Unhappy with the pro-U.S. stand of several Central European nations, he questioned their aspirations to join the EU. And without consulting with Lithuania, Chirac promised Russia that the EU would secure for Moscow a corridor through Lithuania to the Russian military base on the Baltic Sea.
The NATO crisis about whether to provide Turkey, an old and loyal member of the alliance, with defensive weapons in face of potential conflict with Iraq, caused Poles, Hungarians, Lithuanians and Latvians -- new or aspiring NATO members -- to wonder what would happen if they needed support, should Vladimir Putin's successor decide that after the time of Russian giving, the time had come for Russia to take back.
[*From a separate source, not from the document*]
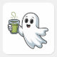 Pegatina Cuadrada Fantasma Halloween Fantasma Holding Matcha

People in Warsaw remember France's betrayal of Poland in 1939, its quick surrender to Germans in 1940 and the collaboration of the Vichy government with Hitler -- at a time when Poland, Yugoslavia and the Soviet Union were losing millions of citizens in the fight against the Nazis. As Polish commentator Stefan Bratkowski has put it, the experience of the 20th century taught Poles that its only true friends in Europe are Americans.
Rumsfeld's remarks about "old Europe" and "new Europe," so offensive to Paris and Berlin, may have been poorly timed and worded, but it is true that Poles, Hungarians, Czechs, Lithuanians, Romanians and Bulgarians take a much more pro-American, hawkish stand on Iraq than the French, the Germans or the Belgians. And not just because they're the new kids on the block trying to get kudos from Washington and American largesse in return. Their support comes because they understand better than most of their Western European neighbors what repression and tyranny mean.
Thirty years ago, a Danish tax lawyer named Mogens Glistrup, head of the Progress Party, promised that when his party came to power, it would cut the nation's military expenditures to $500 a year. All Denmark needed, according to Glistrup, was an answering machine with a message in Russian saying, "We surrender." One can only hope that the noble anti-war movement of mostly well- intentioned people will not become such a party.
Polish writer and economist Andrzej Lubowski was a Senior Fulbright Scholar and a Knight Fellow at Stanford. He is now a banker in the Bay Area.